100%
Daerah Tertinggal
JAKARTA, 18 Mei 2026 – Direktorat Jenderal Percepatan Pembangunan Daerah Tertinggal (Ditjen PPDT) melalui Direktorat Penyerasian Sarana dan Prasarana Daerah Tertinggal (Dit PPSPDT), melakukan kunjungan audiensi strategis ke Sekretariat Masyarakat Ketenagalistrikan Indonesia (MKI) di Jakarta. Pertemuan ini ditujukan untuk menjajaki kolaborasi konkret dalam memperluas dan mempercepat pembangunan jaringan ketenagalistrikan di berbagai Daerah Tertinggal (DT) di Indonesia.
Meskipun Rasio Elektrifikasi Nasional telah mencapai angka 95,72%, masih terdapat ketimpangan signifikan antara wilayah Non-Daerah Tertinggal (99,14%) dengan Daerah Tertinggal (DT) yang baru mencapai 71,36%. Rendahnya akses listrik ini terutama dirasakan oleh masyarakat di wilayah Papua.
Direktur Penyerasian Pembangunan Sarana dan Prasarana Daerah Tertinggal (PPSP DT), Teguh Hadi Sulistiono, S.IP., M.Si., yang memimpin delegasi pemerintah, mengungkapkan bahwa tantangan utama di lapangan sangat dipengaruhi oleh faktor geografis. "Akses penyaluran infrastruktur kelistrikan ke wilayah kepulauan dan pegunungan memiliki tingkat kesulitan tinggi.

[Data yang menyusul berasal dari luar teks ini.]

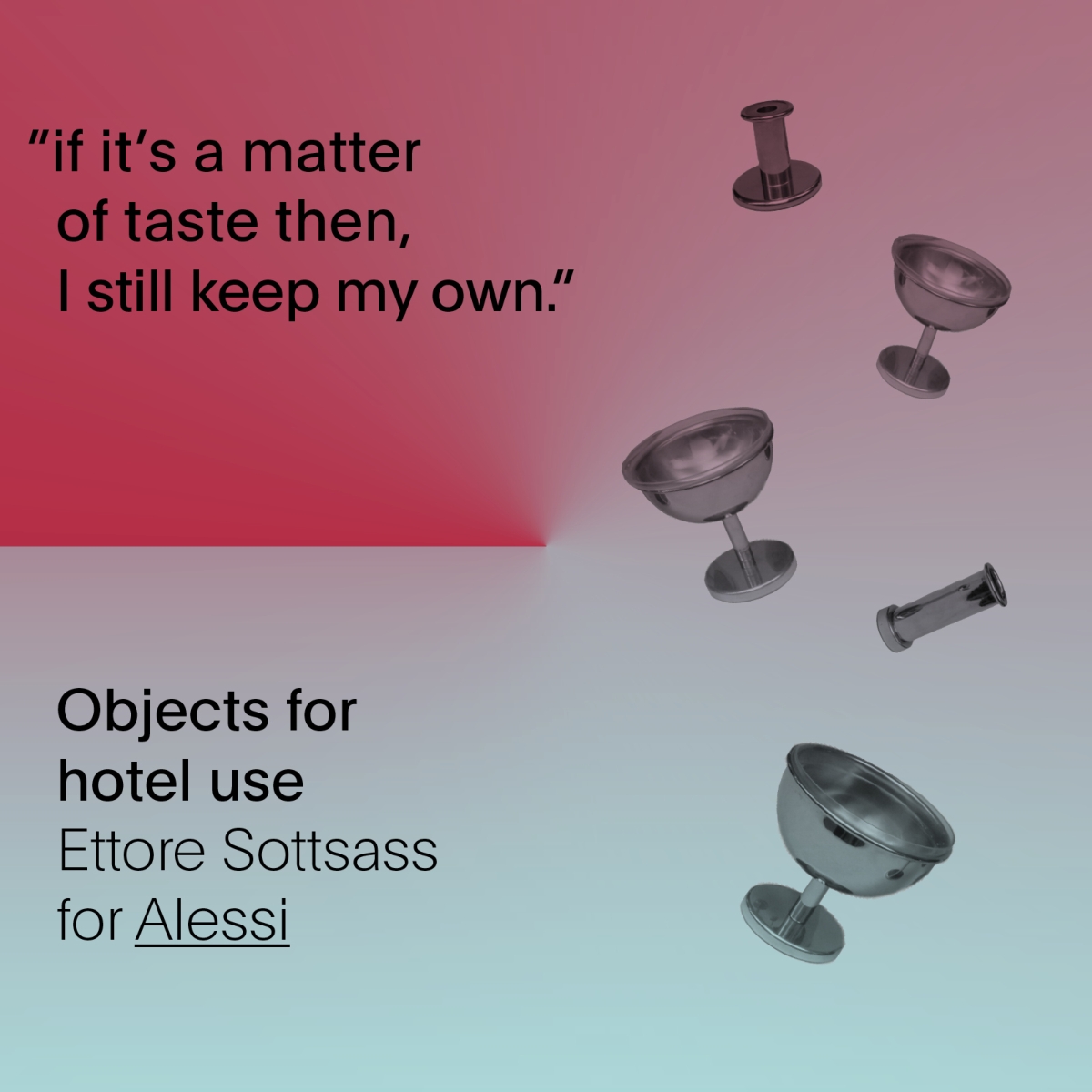 Collocata nella sala principale del primo piano della Cascina (denominata Galleria), la mostra collettiva comprende pezzi unici di maestri come Aldo Rossi, Alessandro Mendini, Ettore Sottsass, Marco Zanuso, Anna Castelli e Richard Sapper, con la partecipazione delle istituzioni museali di prestigiosi brand come Alessi e Kartell. Oltre a questi, noti designer contemporanei come Riccardo Blumer e Franceso Faccin raccontano il loro approccio alla progettazione, esponendo prototipi che illustrano le diverse fasi dei loro processi di ricerca.

Selain itu, perbedaan budaya dan karakteristik masyarakat lokal juga memerlukan pendekatan khusus agar teknologi energi yang masuk dapat diterima dan dikembangkan dengan baik," jelas Teguh.
Menanggapi hal tersebut, Wakil Ketua Umum V MKI, Jisman P. Hutajulu, menyatakan bahwa MKI siap berperan sebagai jembatan antara pemerintah, sektor swasta, dan kondisi riil di masyarakat. Berdasarkan perumusan MKI, terdapat beberapa strategi utama yang diusulkan untuk meningkatkan akses listrik perdesaan:
1. Ekstensifikasi Grid: Perluasan jaringan sesuai dengan 10.068 titik Rencana Usaha Penyediaan Tenaga Listrik (RUPTL) 2025-2029.
2. Pembangunan PLTS Komunal/PLTD: Infrastruktur yang dapat dikelola langsung oleh masyarakat.
3. Implementasi APDAL (Alat Penyalur Daya Listrik): Perangkat penyimpan energi berbasis baterai yang dapat diisi ulang di Stasiun Pengisian Energi Listrik (SPEL) bertenaga surya.
MKI juga menyoroti pentingnya sinkronisasi data antar-stakeholder, termasuk pelibatan Kementerian Kehutanan dan Lingkungan Hidup terkait izin penggunaan lahan infrastruktur di kawasan hutan. Proyek ini didesain khusus untuk mengakomodasi 260 desa dengan status Daerah Tertinggal dan Sangat Tertinggal guna menggerakkan ekonomi lokal.
Dalam diskusi tersebut, ditekankan pula aspek pemberdayaan masyarakat. Warga lokal tidak hanya akan menjadi konsumen, tetapi akan dibekali pelatihan teknis dan sertifikasi resmi agar mampu melakukan pemeliharaan dasar (first-line maintenance) pada infrastruktur listrik di desa mereka. Sumber pendanaan juga akan dioptimalkan melalui kolaborasi dengan pihak swasta (skema IPP), program CSR, NGO (seperti Viriya ENB), serta optimalisasi pemanfaatan Dana Desa.
Sebagai langkah nyata, MKI bersama Ditjen PPDT bersiap menyelenggarakan forum pemangku kepentingan yang lebih luas pada 09 Juni 2026 di Kantor PLN Pusat. Forum tersebut diagendakan untuk melakukan pemadanan data antar-instansi (stakeholder) serta memetakan prioritas lokus guna menyukseskan program Listrik Desa yang terintegrasi dengan program nasional 100 GW, instrumen Indeks Perkembangan Kawasan (IBK), serta optimalisasi peran Pemda dan Koperasi Desa Merah Putih.